Ben de Denaro Forbin gibi tam arada kaldım sevip sevmemek konusunda. Bazı kısımları çok güzeldi mesela. Kitabın başında Woland, Berlioz ve Evsiz arasında geçen tartışma, Woland’ın kehaneti ve sonrasında ayçiçeği yağıyla ilgili olaylar(!) kesinlikle çok güzeldi. Varyete’deki sıra dışı gösteri, Üstat’ın olaya karışması, ‘yanmayan el yazmaları’ (bunu okuduktan sonra Üstat’ın Bulgakov’un kendisi olduğundan kesinlikle emin oldum) da gayet enteresandı. Ve de kara kedi Behemot! Kitabı okuyan çoğu kişi gibi benim de favori karakterim o oldu. Çizmeli Kedi’nin (ona bile sataşıyor) karanlık bir versiyonu gibiydi adeta. Çok yetenekli olmasına rağmen bile bile yaptığı sakarlıklar, insanlara özgü hareket ve davranışlarıyla beni benden aldı bu sevimsiz tüy yumağı.
“Cadı neymiş öğren bakalım, öğren!” diye haykırdı sinirlenen Margarita. Aloiziy Mogariç’in yüzüne tırnaklarını geçirdi.
“Ne yapıyorsun?” diye haykırdı Üstat acıyla. “Margot, küçük düşürme kendini!”
“İtiraz ediyorum, küçük düşürücü bir şey yok burada,” diye bağırdı kedi.
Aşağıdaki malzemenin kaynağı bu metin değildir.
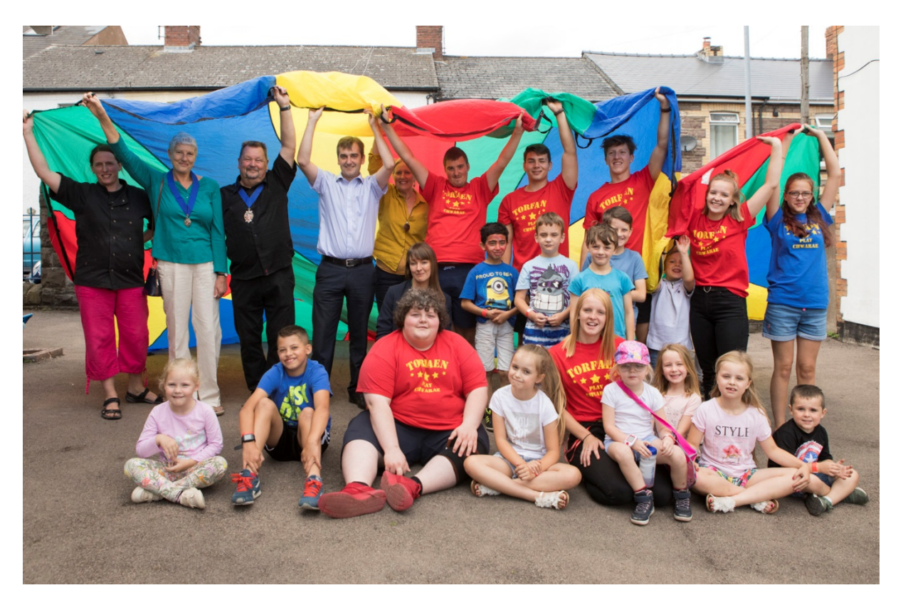
Celebrating National Play Day at Abergavenny Community Centre on 1st August 2018

The play helper project has been running successfully in Torfaen for the last ten years. It is the pre-volunteering stage of the summer initiative. Young People aged 13 - 15 years have to apply via an application form and they also have to complete an induction and attend an interview. Their role is to work as part of a team and learn new skills. This year was the first year we had a play helper based in Monmouthshire. It is anticipated that those who are a play helper will then go on to volunteer and then achieve play worker status when they are old enough. For the summer of 2019 we will be trying to support all the play helpers to achieve an accreditation too.

Roman içinde roman tekniğini de başarılı bir şekilde uyguluyor roman (ilk örneklerinden biri yanılmıyorsam?) Doğruyu söylemek gerekirse Hegemon Pontius Pilatus ve Yeşua Ha-Notsri’nin (İbranice’de Nazarethli İsa anlamına geliyormuş) öyküsü beni ana hikayeden daha çok cezbetti, bu kısımları daha bir heves ve merakla okudum. Hz. İsa’nın Hristiyan inancının aksine Tanrı’nın oğlu olarak değil de sadece iyi bir insan olarak tanımlanması, kutsal kitaplarda yer alan İsa figürünün gerçeği yaratmadığının söylenmesi bir başka enteresan nokta oldu benim için. Bir ara göğe çekilip çekilmeyeceğini de merak ettim ama olmadı. On iki havariden Levi Matta (Matthew) ile onu 30 altına satan Yahuda’yı da farklı açılardan görmek de ilginçti. Dediğim gibi, bu kısımlar benim ilgimi daha çok çekti. (Bu arada Romalılar ne Hristiyan ne de Yahudi’ydi. Hazal’ın dediği gibi, Hz. İsa o zamanlar Hristiyanlığı yeni yeni yaymaya çalışıyordu zaten. Yahudileri de hiç sevmezdi Romalılar. Onların kendilerine has bir dini vardı. Caesar oyununu oynayanlar ya da Asteriks okuyanlar bilirler. Mesela Tanrıların Kralı Jüpiter, Denizlerin tanrısı Neptün, Yeraltı dünyasının kralı Plüton…)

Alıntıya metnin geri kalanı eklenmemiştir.